In early 2024, my colleague Anam Latif and I looked into examples of various community groups all over the country that were collecting data on hate-driven incidents. Many had noticed that despite the increase in racism in Canada, police were only focused on data around hate crimes rather than incidents of discrimination. In many cases, there was also historical mistrust between local police and communities.
So, community groups developed their own data collection mechanisms. Yes, they are more informal than rigorous statistical analysis, but they gave communities a space to record where such incidents had taken place and at what frequency—crucially, away from police scrutiny.

REMOVING THE REPORTING BURDEN: New ‘Common Impact Data Standard’ hopes to become Dewey Decimal System of impact measurement
The last data innovation story does, in fact, concern the power dynamics between grantmakers and grantees. Non-profit organizations spend a huge proportion of their time reporting their impact to multiple funders, who ask for a variety of metrics: in some cases, they are the same metrics with slight tweaks and, in some cases, entirely different information altogether.
The team at Common Approach to Impact Measurement has begun testing a solution that applies data science to impact measurement.

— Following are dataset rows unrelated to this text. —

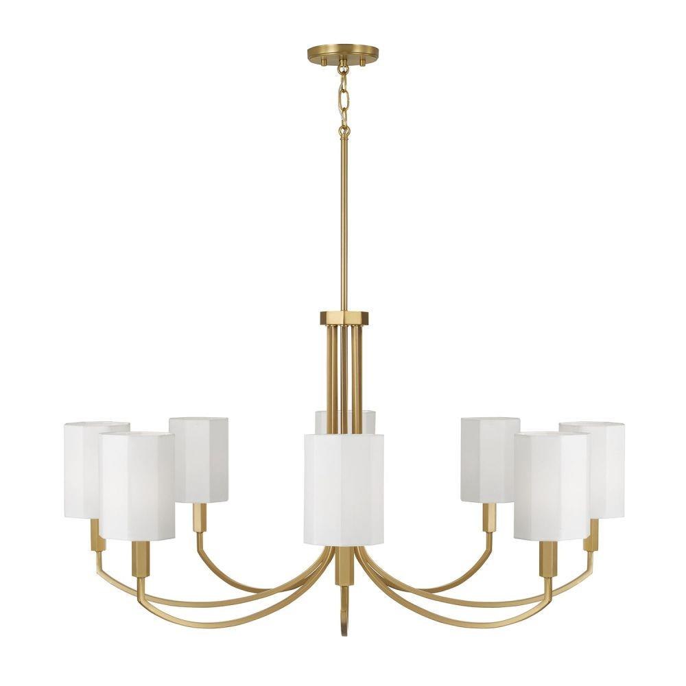 Geometrically inspired, the Adrian Large Chandelier brings a structural silhouette with high style. The White fabric octagonal shades and faceted candle sleeves create striking dimension, while the Aged Brass finish adds a classic touch.
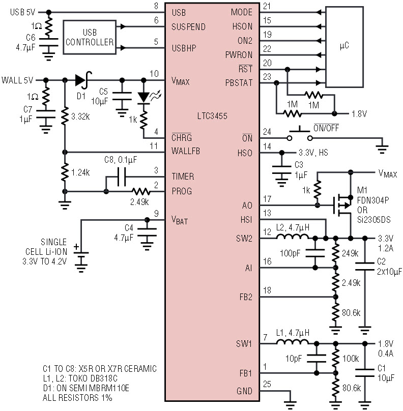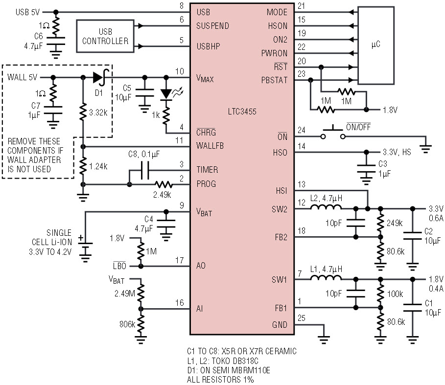 The simplicity of a typical LTC3455 application is shown in Figure 2. Efficiencies for the DC/DC converters in this application are shown in Figure 3. The device handles important system startup and protection issues internally (soft-start, supply sequencing, charger thermal limiting, current limiting for all outputs, etc.) which helps minimize the number of external components. The circuit is even simpler for applications that require only a battery and USB power, without the 5V wall adapter (see note in Figure 2).
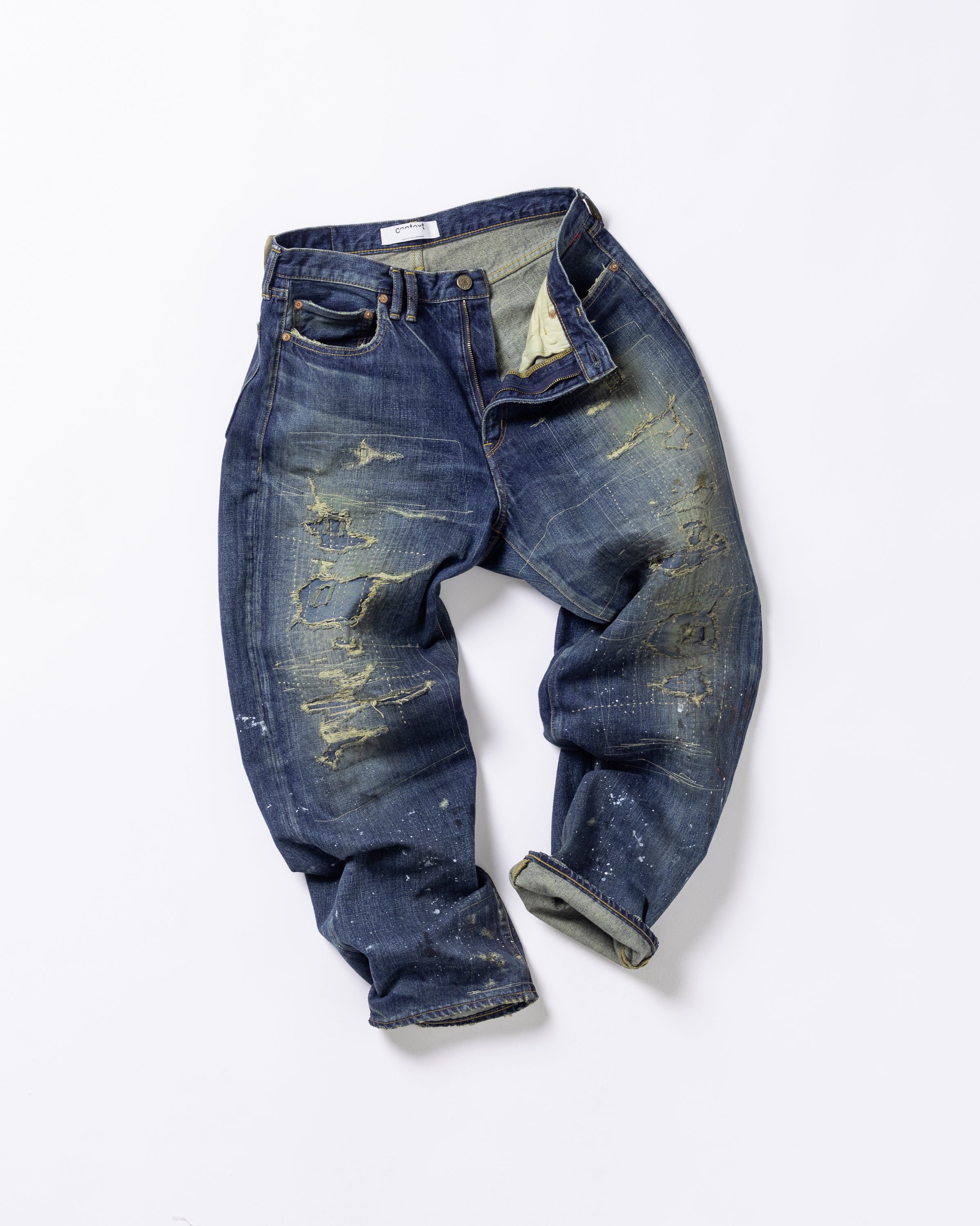 全体的に濃色エイジングとブリーチ加工で仕上げ、随所に激しくダメージを施し複数の当布でパッチワークリメイクしております。

They have developed a way of organizing the data—into what is known as an ontology—so that non-profits can aggregate multiple metrics and report metrics that are relevant to each particular funder.
For Kate Ruff, executive director and head of research at Common Approach to Impact Measurement, the next step to making this a reality was to integrate the data ontology into different impact measurement software platforms. Many have already amended their code to fit with this new way of organizing data.
This new way of codifying and organizing information will not only save non-profits time but also help impact investors better track the funding they hand out across multiple projects.
What we will look for next year:
Clean, robust and complete data is the first critical step before non-profits can begin developing custom machine-learning algorithms. We’re already seeing interesting applications of artificial intelligence: from Kids Help Phone’s partnership with the Vector Institute to better support frontline staff to CORDS, funded by Employment and Social Development Canada to connect youth to employment, education and social programs.
We’re also seeing tools that are specifically aimed at helping the non-profit sector become more efficient, from Navigator, an AI-based platform to help frontline workers design programs, to GrantOrb, a tool that populates grant applications within minutes.
There is no doubt that there is a desire – and now a capability – in the non-profit sector to embrace AI. However, next year will likely be full of ongoing questions about the ethics and drawbacks of automation – as well as a reckoning of how upcoming AI legislation will affect the social purpose sector.